Thursday, May 31, 2007

Wine and Beer.

This column from Slate discusses the ascendancy of wine in the United States, displacing the old standby, beer. Now, I really do prefer beer to wine, since high-quality beer is cheaper than high-quality wine. A six-pack of Anchor Steam or a bottle of my new favorite, the 12% French "La Bière du Démon," will be cheaper - when I can find it - than a bottle of Mouton Rothschild or Pétrus. In the event that I can't find good stuff, Rolling Rock or Coors gets me where I want to go without the nasty side effects of wine.

This passage, however, caught my attention:

At the same time, Americans, who had traditionally looked to a French and upper-class English model of the good life, one that emphasized refinement and formality, began in the 1980s to look farther south, to the Mediterranean, and particularly to an Italian ideal of good living, one that emphasized passion, spontaneity, and bounty; in other words, we went from Julia Child to Mario Batali. This American embrace of the Mediterranean spirit loosened things up—and the foodie tent got immeasurably bigger when food culture became better suited to the American temperament. Our fundamental attitude about the ceremony of food and the pleasures of the table changed: What counted was passion, which anyone can have, not refinement, which you must be born into, or cultivate very deliberately.

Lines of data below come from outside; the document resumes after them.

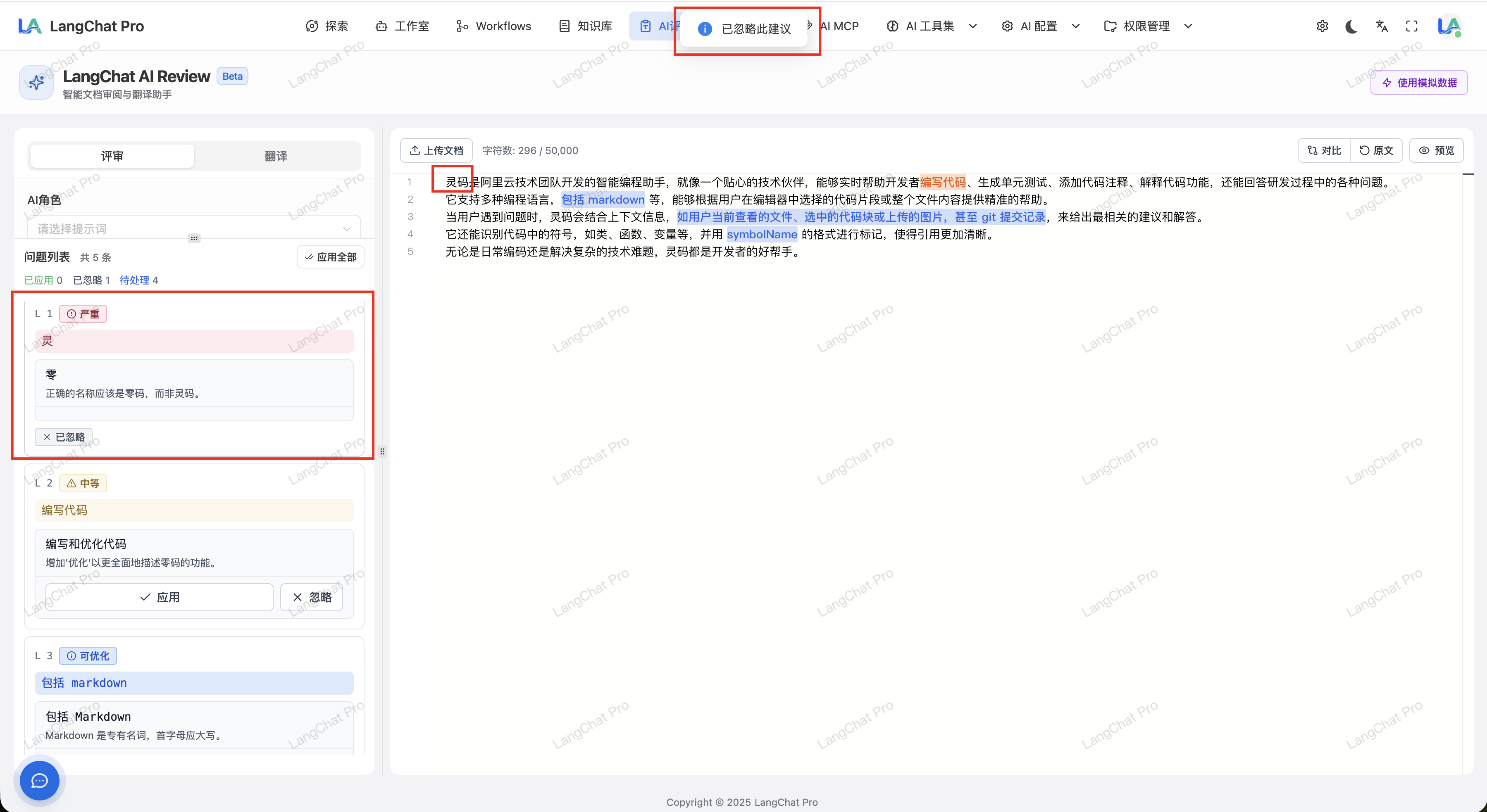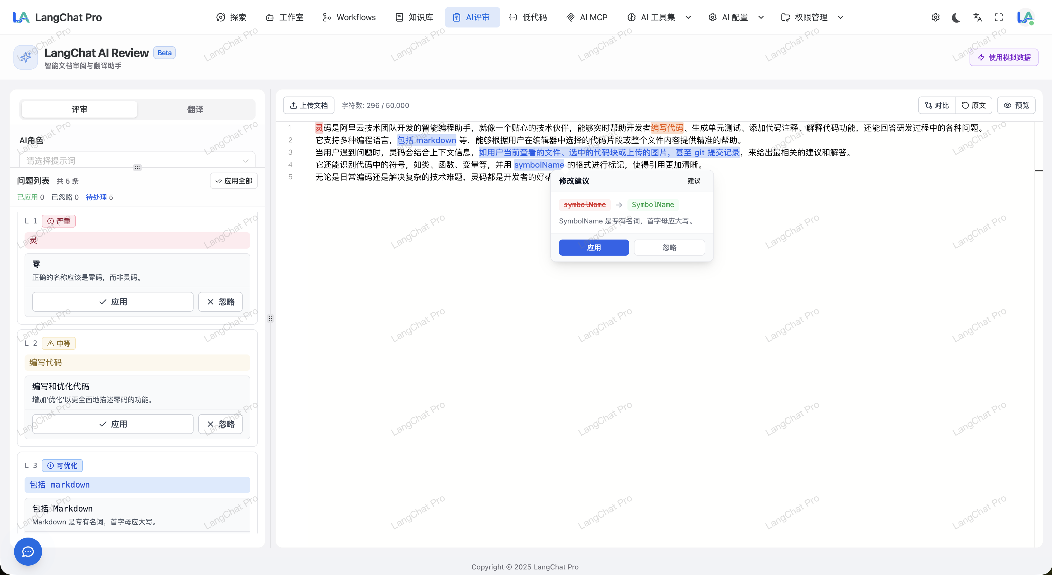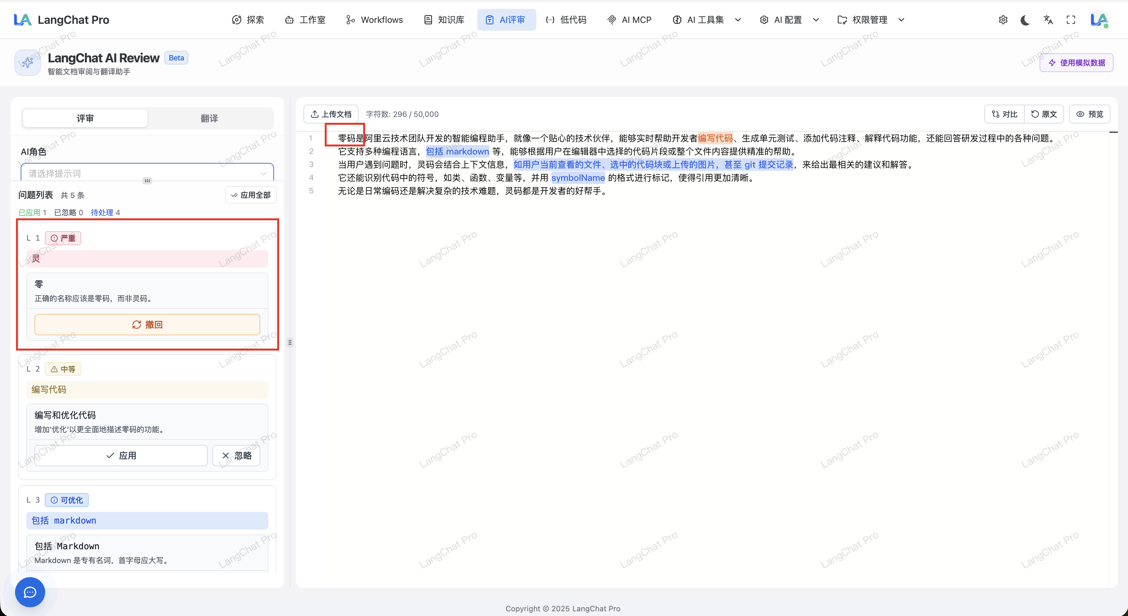 - AI 评审:AI 阅读全量文档内容,根据提示词配置评审文档语言中可能存在的不规范用语,并提供修改建议
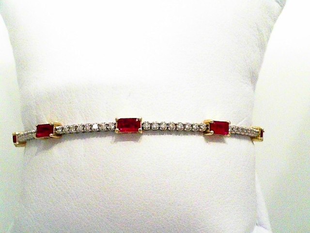 Lady’s Yellow 14 Karat Flex 5 Station Emerald Cut Ruby And Diamond Bracelet 32 = 0.33tw Round G/H SI2 Diamonds
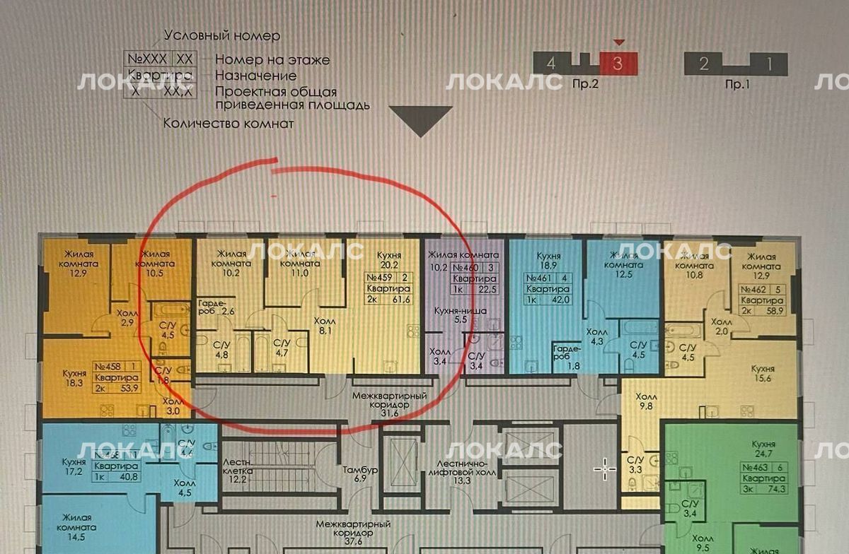 2-к кв. Москва бул. Чкаловский, 6 (61.7 м²)
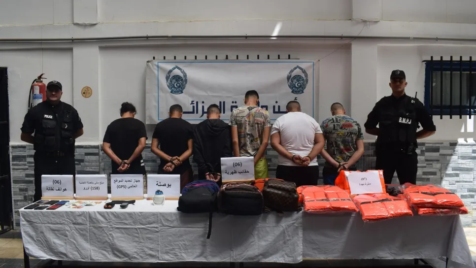 أوقفت مصالح أمن ولاية الجزائر 6 أشخاص مشتبه فيهم كانوا بصدد تهريب أشخاص بطريقة غير شرعية . وأوضح بيان لذات المصالح ، أن الفرقة القضائية الحمامات أوقفت 6أشخاص كانوا بصدد تهريب أشخاص مهاجرين ، من بينهم المدبرين الرئيسيين . وأضاف البيان ، أنه تم حجز قارب نُزهة بمحرِّك بقوّة 40 حصانا، 12دلو بنزين، 7 سترات نجدة. جهاز تحديد المواقع (GPS)، بوصلة، مِنظار ليلي، ومبلغ مالي قدره 158 أورو ومركبة
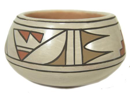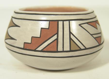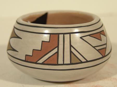 Small unique-style gray slip bowl with polychrome designs. Condition: very good.
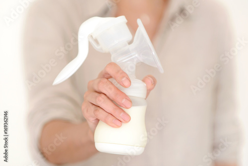 Mother holds breast pump in her hand
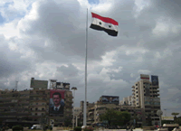 アレッポ市中心街にある広場の様子。シリア国旗の掲揚とアサド現大統領の肖像画が見られる。

To be entirely fair, neither the northern nor the southern Europeans, with the exception the Germans, Swiss, and some Austrians, would recognize much about the Konzept of the good life in America. Furthermore, and this is based off both my own observations and the opinions of the infinitely better versed, the American idea of alcohol is, indeed, pretty diametrically opposed to the European one. In any event, America might have loosened up, but we're still pretty goll-darn uptight compared to our colleagues across the ocean.

For what it's worth, I still prefer the northern European way of life.